Fits embeddings across a range of dimensionalities, each with multiple random restarts, and returns the hold-out loss at every (dimension, restart) combination. Use the results to select the smallest dimensionality that achieves near-minimum hold-out loss.

Usage

estimate_dimensionality(
  triplet_list,
  dims = 1:8,
  n_restarts = 10L,
  max_epochs = 50000L,
  tolerance = 1e-04,
  tol_window = 10000L,
  device = NULL,
  seed = 1L,
  verbose = TRUE
)

Arguments

triplet_list: A named list of data frames, one per participant, as returned by get.combined. Each data frame must contain columns Center, Left, Right, Answer, and sampleSet.
dims: Integer vector of dimensionalities to evaluate. Default 1:8.
n_restarts: Number of independent random restarts per dimensionality. Default 10L. More restarts give a more reliable loss estimate but multiply compute time.
max_epochs: Maximum training epochs per restart. Default 50000L.
tolerance: Loss tolerance for early stopping. Default 1e-4.
tol_window: Epochs without meaningful improvement before early stopping triggers. Default 10000L.
device: PyTorch device string, or NULL (default) to auto-select: CUDA GPU if available, then Apple MPS, then CPU.
seed: Base integer seed for reproducibility. Each (d, restart) pair receives a unique derived seed so all runs are independently replicable. Default 1L.
verbose: Logical. If TRUE (default), print a progress line before each restart. Ignored when running in parallel (output from worker processes is not forwarded to the main session).

Value

A named list with two elements:

results: Data frame with one row per (dimension, restart) and columns d, restart, loss, epoch.
summary: Data frame with one row per dimension and columns d, mean_loss, min_loss, sd_loss. The logical column best_d marks the smallest d within one standard error of the global minimum mean loss.

Parallelism

By default the function runs serially. If the future.apply package is installed, parallelism is controlled by setting a future plan before calling this function. Each (d, restart) pair becomes an independent future, so any backend supported by future works: local multicore, SLURM, HTCondor, etc. See the "Computing Triplet Embeddings" vignette for worked examples.

Method

For each value of d in dims and each restart, an independent embedding is trained from a fresh random initialisation (controlled by a deterministic seed derived from seed, d, and the restart index). The best test loss achieved during training is recorded.

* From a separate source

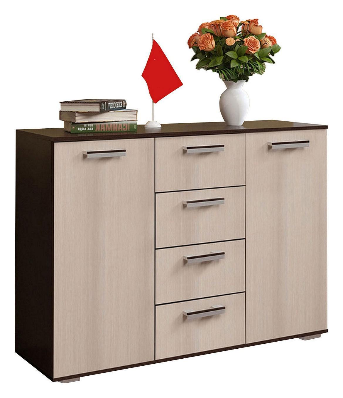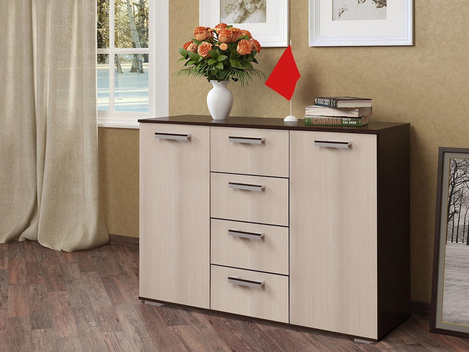 Функциональную систему хранения тумбы образуют четыре выдвижных ящика и два больших отделения с распашными дверцами. Такое наполнение поможет организовать удобное хранение множества предметов.

The summary element of the return value includes a best_d column that applies the one-standard-error rule to the per-dimension mean loss: the smallest d whose mean loss is within one standard error of the global minimum mean loss is flagged as best_d = TRUE. This tends to favour parsimony when several dimensions achieve similar loss.

Item indexing

All unique item names in Center, Left, and Right across all participants are collected and sorted alphabetically; this sorted order defines the zero-based integer indices passed to the Python model.

Filtering

Trials with NA in the sampleSet column (attention-check trials) are excluded before fitting. The sampleSet column ("train" / "test") is used to split data for early stopping. If no sampleSet column is present or all values are NA, a 70/30 random train/test split is used instead.

Examples

if (FALSE) { # \dontrun{
# Serial (default)
dim_est <- estimate_dimensionality(
  triplet_list = icon_triplets,
  dims         = 1:6,
  n_restarts   = 5L,
  max_epochs   = 20000L,
  seed         = 42L
)

# Parallel: use 4 local cores (requires future.apply)
library(future)
plan(multisession, workers = 4)
dim_est <- estimate_dimensionality(icon_triplets, dims = 1:6, n_restarts = 10L)
plan(sequential)  # restore serial execution afterwards

# Summary with recommended dimensionality flagged
dim_est$summary

# Plot mean loss +/- 1 SD by dimension
s <- dim_est$summary
plot(s$d, s$mean_loss, type = "b", pch = 19,
     xlab = "Dimensions", ylab = "Mean test loss")
arrows(s$d, s$mean_loss - s$sd_loss, s$d, s$mean_loss + s$sd_loss,
       angle = 90, code = 3, length = 0.05)
abline(v = s$d[s$best_d], lty = 2)
} # }